2 Now a centurion had a servant [1] who was sick and at the point of death, who was highly valued by him. 3 When the centurion [2] heard about Jesus, he sent to him elders of the Jews, asking him to come and heal his servant. 4 And when they came to Jesus, they pleaded with him earnestly, saying, “He is worthy to have you do this for him, 5 for he loves our nation, and he is the one who built us our synagogue.” 6 And Jesus went with them. When he was not far from the house, the centurion sent friends, saying to him, “Lord, do not trouble yourself, for I am not worthy to have you come under my roof. 7 Therefore I did not presume to come to you. But say the word, and let my servant be healed. 8 For I too am a man set under authority, with soldiers under me: and I say to one, ‘Go,’ and he goes; and to another, ‘Come,’ and he comes; and to my servant, ‘Do this,’ and he does it.” Luke 7:2-8

How often do we lack this faith? Is He all i all to us?

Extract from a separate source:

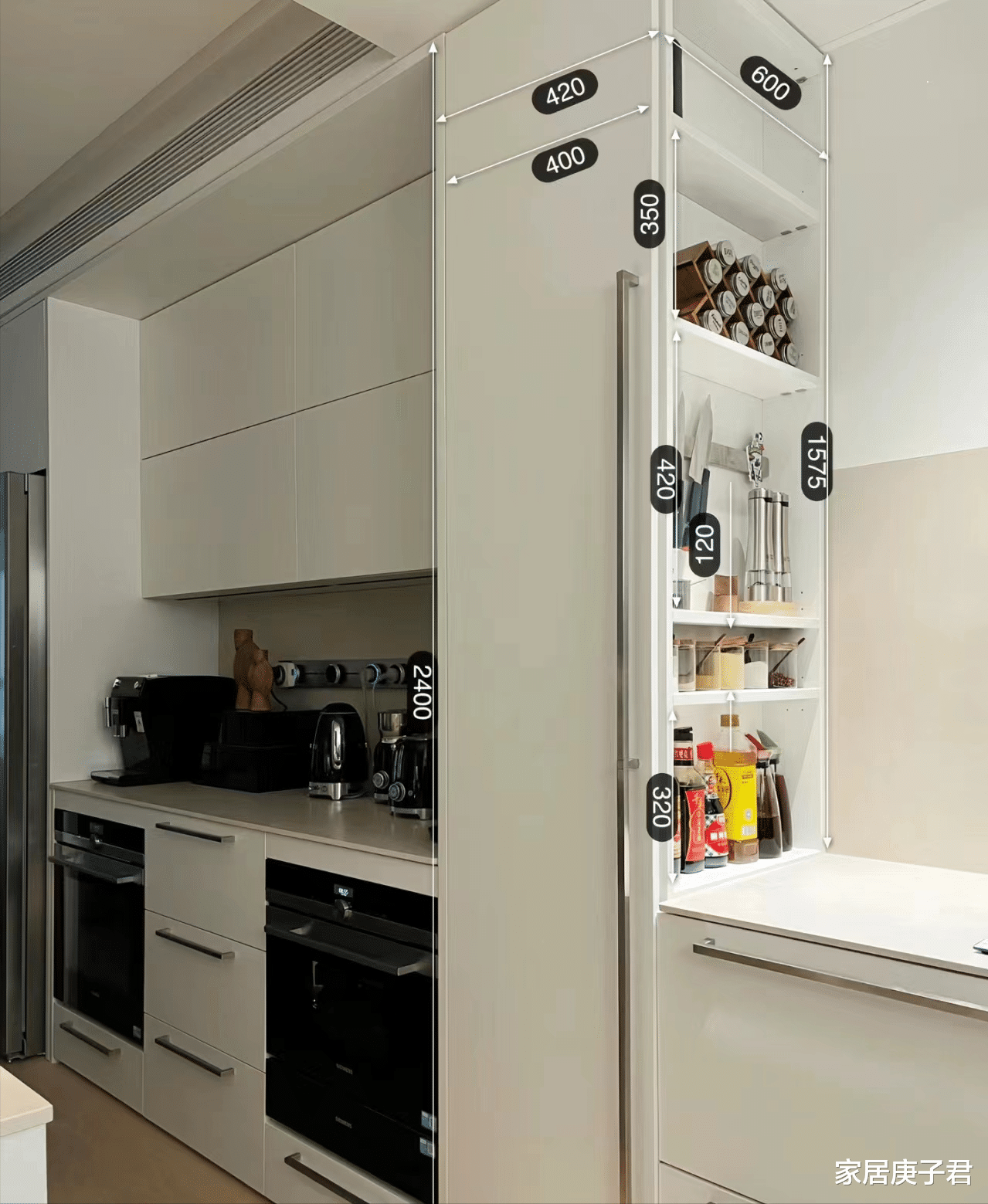一个实用的抽拉高柜不仅可以让你的厨房看起来更加整洁、美观,还能解放台面的操作空间。视觉上也会更加整洁清爽,让你的厨房成为一个高效、便捷的烹饪中心。

What Christ says of Himself:

7 When I saw him, I fell at his feet as though dead. But he laid his right hand on me, saying, “Fear not, I am the first and the last, 18 and the living one. I died, and behold I am alive forevermore, and I have the keys of Death and Hades. Revelation 1:17,18

12 “Behold, I am coming soon, bringing my recompense with me, to repay everyone for what he has done. 13 I am the Alpha and the Omega, the first and the last, the beginning and the end.”
Revelation 22:12,13

“I, Jesus, have sent my angel to testify to you about these things for the churches. I am the root and the descendant of David, the bright morning star.” Revelation 22:16

Jesus said to them, “Truly, truly, I say to you, before Abraham was, I am.” John 8:58



There is so much more Scripture, and so much more to be said, but that is a brief overlook on Christ, all in all! Dwell on Scripture, and let us pray that we will make Him all in all in our lives, and that we learn who this Christ truly is!


----------



## Presbyterian Deacon (Feb 24, 2008)

> I have been teaching our senior high group every other Sunday night in our church. I'm teaching through a blessed book "Rock of Our Salvation: A Treatise Respecting the Natures, Person, Offices, Work, Sufferings, and Glory of Jesus Christ" written by William Plummer. It is the most wonderful book, next to Scripture, that I have ever read, and should be required reading by all Christians.



I first read this work by Plummer in November of 2001. I have since returned to it many times. It is an excellent work for youth groups. It is also especially useful for Family Worship! 

In this work Plummer has many rich and deep insights, One of my favorite quotes is found on page 508. 


> The highest honor we can render to the Lord Jesus is honestly and earnestly to pray and labor to be like him.


----------



## VirginiaHuguenot (Feb 25, 2008)

William S. Plumer's work is available online here:

THE ROCK OF OUR SALVATION


----------



## Presbyterian Deacon (Feb 25, 2008)

VirginiaHuguenot said:


> William S. Plumer's work is available online here:
> 
> THE ROCK OF OUR SALVATION



Thank you. The knowledge that this link is there will come in handy.


----------



## ServantofGod (Feb 26, 2008)

Plummer is THE best author I have read. He writes with the depth of Owens wrapped up in the simplicity of Spurgeon. He has one called "The Christian" that is a very practical guide to godly living, that I would refer to any and all.


----------